We learned in Biology never to use dented or rusted cans, the risk of a tiny pinhole that can't be seen, causing botulism toxin, is too great. If it were me, I'd pass. Botulism kills.
Not worth the risk.
Course, if you wanted to feed it to the pigs first, it might be useful. As long as you're not too attached to any of them.


----------



## Ernie (Jul 22, 2007)

Agreed. I'll use a dented can (if it's just a small dent and I get it at a discount) but I'm not going to use a rusted can. You have absolutely no idea how long they sat in a warehouse rusting and if there is a tiny hole, or even a thinning of the metal to the point where an exchange of atmosphere can occur then you have a problem. 

Botulism is a very serious issue and you don't want to ever take the chance, even for a 'good deal'. Even if you survive a mild case of botulism poisoning, your kids might not. Or you could be left permanently crippled. I think whomever is offering this large quantity of damaged canned goods is really screwing you over.
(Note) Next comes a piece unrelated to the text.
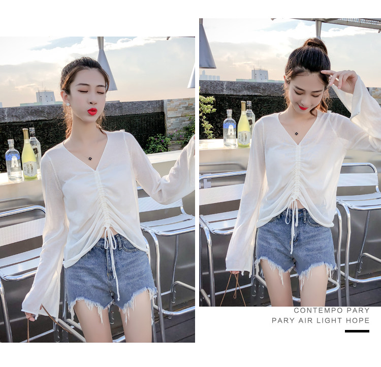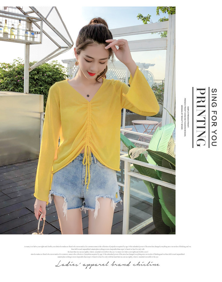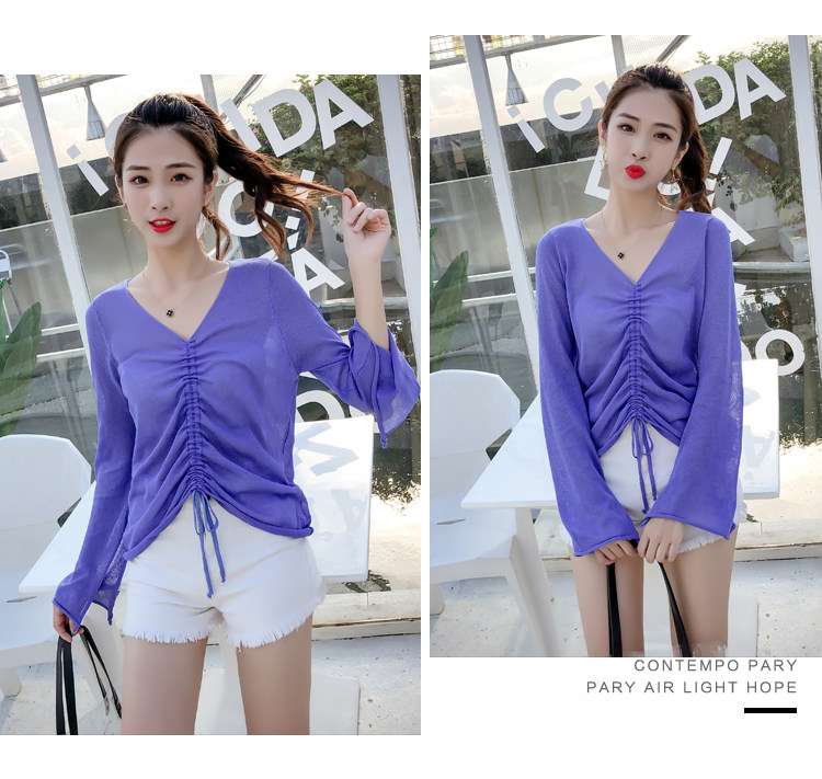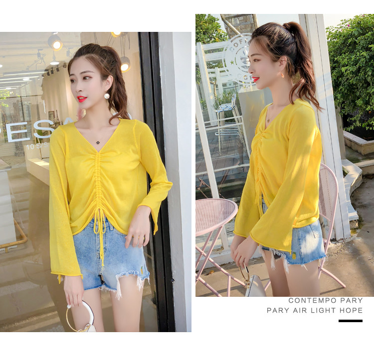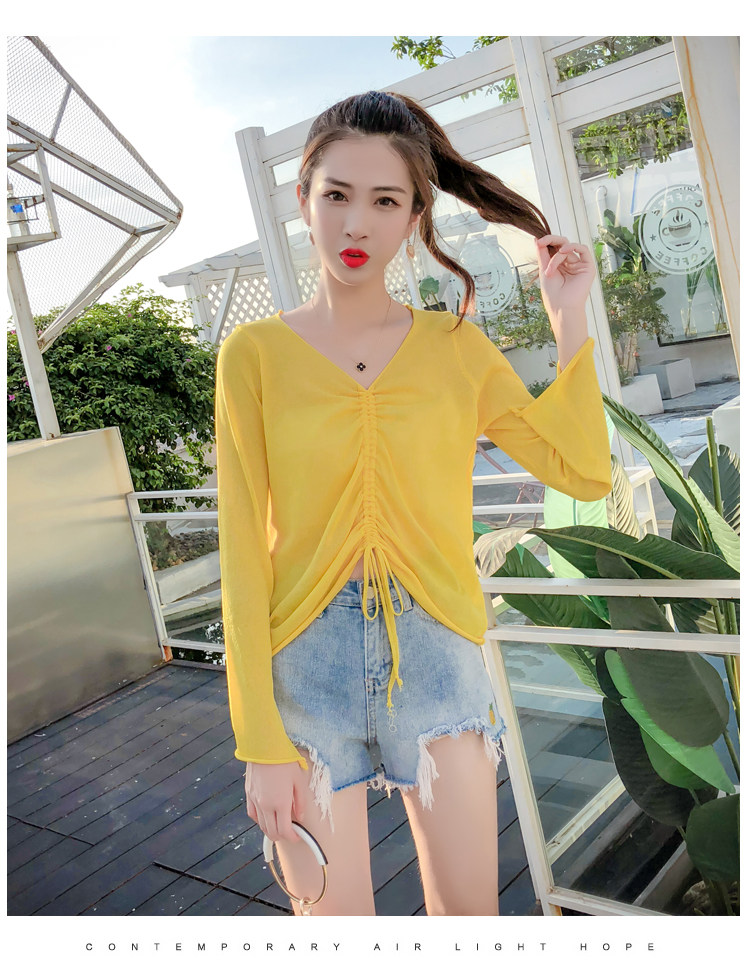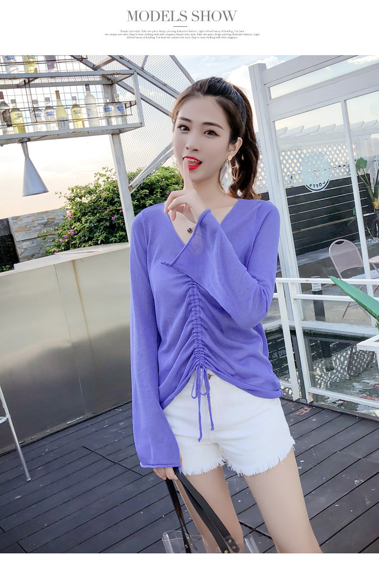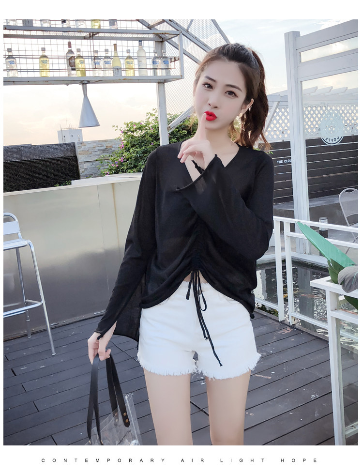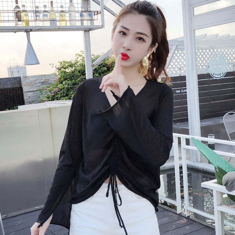 Летний трикотажный тонкий свитер, мегафон, лонгслив, 2020, оверсайз, V-образный вырез, на шнурках, защита от солнца
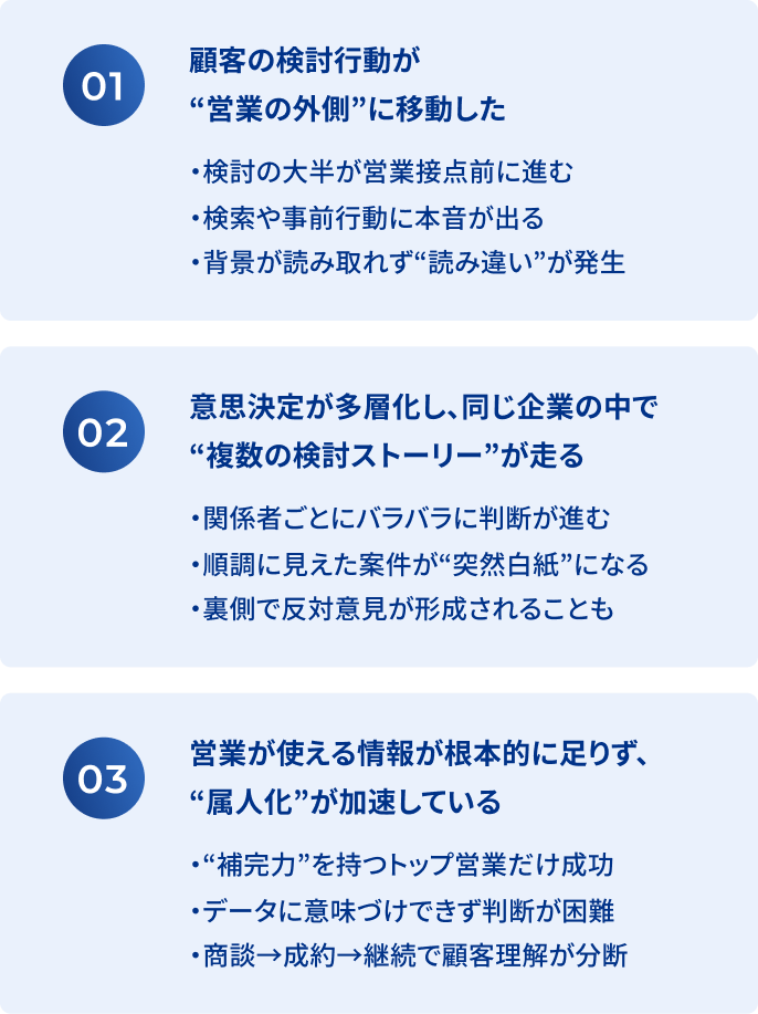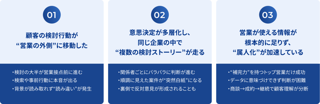 顧客は営業と会う前に、課題の明確化・比較・調査を静かに進めています。商談の場で語られる内容は「表面」だけで、その裏には営業の視界に入らない動きが大量に存在します。このギャップが、読み違いや提案のズレにつながります。

They're putting people's lives at risk instead of assuming the loss of profit that normal merchants consider as just part of doing business.


----------



## Shinsan (Jul 11, 2006)

Good news: I checked to find the extent of the rust and found that when rubbing the cans, all the 'rust' came off, leaving the can looking like new. A further check found that it wasn't rust after all: it was some discolouration from dirty flood water that had damaged the labels and cartons. Presumeably the seller isn't aware of that, as it was he who said that they were 'slightly rusted'. He had two pallets full, (1 X 400 gm & 1 X 800 gm), but has sold about 1/3 of each. I'm tempted to buy all that he has left, but a job lot of 10 cartons of each size should last us quite a while. There are a few that have a small dent or two, however I've been informed by a Trades Chemist that the denting is only a problem if the inner coating of the can is compromised, and that the modern coatings, (usually gold coloured), used on cans now is flexible enough to withstand that.


----------



## turtlehead (Jul 22, 2005)

If the contents are safe now, you can re-can them without any problem. The only reason you'd need to do that, though, is if the 400gm and 800gm cans are too large and you want to "re-package" into smaller containers.

I hear that tomatoes are excellent with onions, peppers, and okra over rice.


----------



## Cyngbaeld (May 20, 2004)

Rub them clean and dip them in paraffin (candle wax) if there is a chance of them rusting. I wouldn't bother to re can them unless you want to make big batches of chili or soup or spaghetti sauce or salsa and can that.


----------



## Bonnie L (May 11, 2002)

Cyngbaeld said:


> Rub them clean and dip them in paraffin (candle wax) if there is a chance of them rusting. I wouldn't bother to re can them unless you want to make big batches of chili or soup or spaghetti sauce or salsa and can that.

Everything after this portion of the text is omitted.